A number of changes can occur at this time, and they include:
- symbols added or removed
- static variables added or removed
- function signatures added or removed
- class members added or removed
- object binary layout changes
- object vtables changes
The minor version is incremented when new functionality is added to the library. This change attempts to retain API compatibility, but may break ABI compatibility in a minor manner. This change should not not break clients using public interfaces.
Broadly speaking, this change means the library is being advanced without breaking changes. For example, HMQV and FHMQV were added at 5.7, but clients that linked against 5.6.2 or 5.6.3 could use it without requiring a recompile. In this case, new classes were added; and no existing classes we modified.
An example of a minor break to the ABI is adding symbols to an existing class (as opposed to adding a new class). When symbols are added to the existing class, symbols within the scope of the class change and the vtable may change. RDRAND and RDSEED cause a minor ABI break in the CPU class because it added two symbols (g_hasRDRAND and g_hasRDSEED) and two functions (HasRDRAND() and HasRDSEED()).
The compatibility version is bumped when a bug fix or maintenance release occurs.
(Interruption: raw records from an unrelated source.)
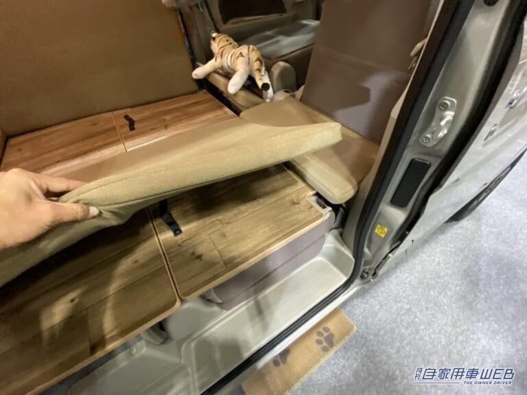 また、絶妙な高さに設定されたテーブルも特徴的だ。キャンプ時の食事はもちろん、リモートワーク用のデスクとしても十分に活躍する。椅子に座ったときの自然な姿勢を保てるため、長時間作業しても疲れにくい。さらに座面下には収納スペースが確保されており、タオルや衣類、調理器具などを整理して収められる。小さな工夫の積み重ねが、軽キャンでありながら驚くほどの快適性をもたらしている。
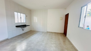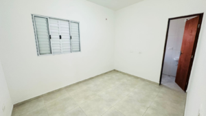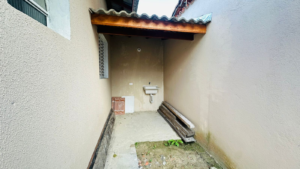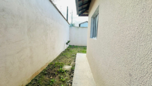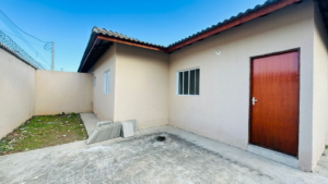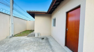 Casa da esquina: é composta por 2 dormitórios, sendo uma suíte, wc social, área de serviço, a sala e a cozinha são integradas, possui amplo quintal que poderá ser usado para instalação de piscina juntamente com uma área gourmet, ou mesmo manter o espaço para jardim ou vagas.
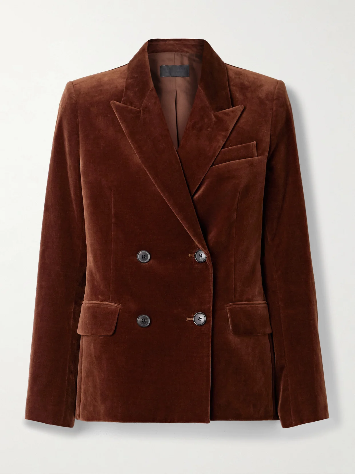 Nili Lotan's 'Veda' blazer is made from plush cotton-blend velvet that further enhances the opulence of the design. It's tailored with a double-breasted front and has peak lapels and padded shoulders for structure.
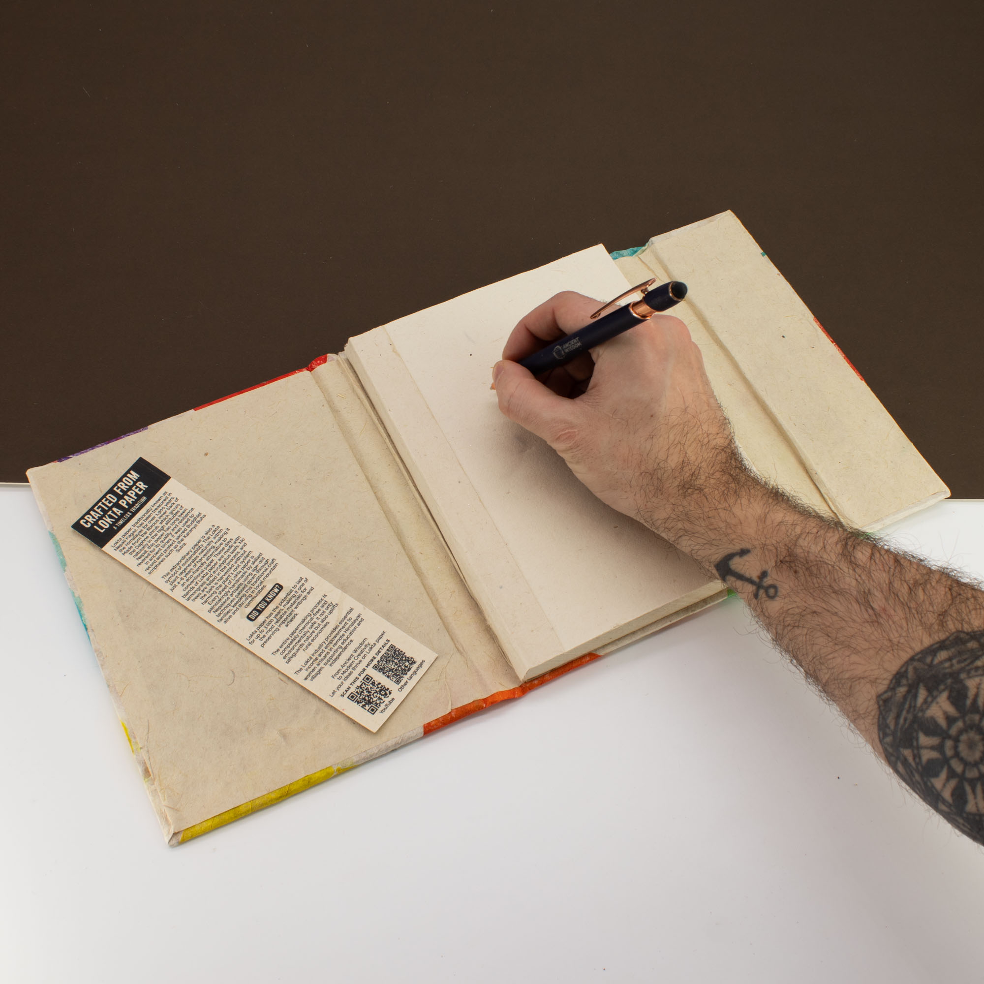 Vďaka výrazným farbám pôsobí živo a veselo, čo z neho robí obľúbený výber pre umelcov, deti, tvorivých ľudí alebo kohokoľvek, kto rád píše v inšpiratívnom prostredí. Rozmer 21 × 15 cm poskytuje dostatok miesta na denníky, kresby či zmiešané médiá. Pevná ručne vyrobená obálka v kombinácii s jemnými stranami vytvára veselý, no remeselne pôsobiaci produkt, ktorý si na poličke ihneď všimnete.

This change attempts to retain both ABI and API compatibility. This change should not break clients, and sometimes includes new functionality.
Broadly speaking, this change means the library is fixing undesired or errant behavior. For example, many of the changes between 5.6.2 and 5.6.3 were remediations to findings from tools like Undefined Behavior sanitizer, Address sanitizer and Valgrind.
After releasing the library the project's version should be bumped. For example, if Crypto++ 5.6.4 was released, then the compatibility number should be changed from 4 to 5 in in 5.6.5. And if Crypto++ 5.7.0 was released, then the version should be changed to 5.7.1.
This change helps with user questions that start with "I'm using Crypto++ 5.6.3 and I'm having problems with ...". When the project encounters the question, its unclear if its the 5.6.3 release ZIP, or Master without the next version bump. The change also helps determine the actual compatibility level during development. That is, if Master advertises version information X.Y.Z, then it better be compatible with X.Y.
Its also OK to release under a more appropriate version number. For example, the following is perfectly valid: release 5.6.3, bump to 5.6.4 during development, and then release 5.7.0. In this case version information is monotonically increasing, and there is no confusion or disambiguation needed.
The locations of version numbers are:
- config.h and CRYPTOPP_VERSION
- cryptlib.h and Doxygen comment
- cryptopp.rc and VERSION_INFO block
- GNUmakefile and libcryptopp.pc recipe
- Doxyfile and PROJECT_NUMBER
- Readme.txt and version number
- change-version.sh in TestScripts
Also see the discussion Post-release version number increment on the user mailing list.
Distributions must often maintain a list of files to include in a DEB, RPM or other package. The following will list files added and removed between tagged releases:
$ git clone https://github.com/weidai11/cryptopp.git cryptopp $ cd cryptopp $ git diff-tree -r --summary CRYPTOPP_5_6_2 CRYPTOPP_5_6_3 | grep -v "change" create mode 100644 Filelist.txt create mode 100755 GNUmakefile-cross create mode 100644 Install.txt create mode 100644 TestVectors/hkdf.txt create mode 100644 config.recommend create mode 100755 cryptest.sh create mode 100644 hkdf.h create mode 100755 make-rdrand.cmd create mode 100644 mersenne.h create mode 100755 rdrand-masm.cmd create mode 100755 rdrand-nasm.sh create mode 100644 rdrand.S create mode 100644 rdrand.asm create mode 100644 rdrand.cpp create mode 100644 rdrand.h create mode 100644 trap.h create mode 100644 vs2010.zip
Thanks to CJM on the Unix & Linux Stack Exchnage for the suggestion.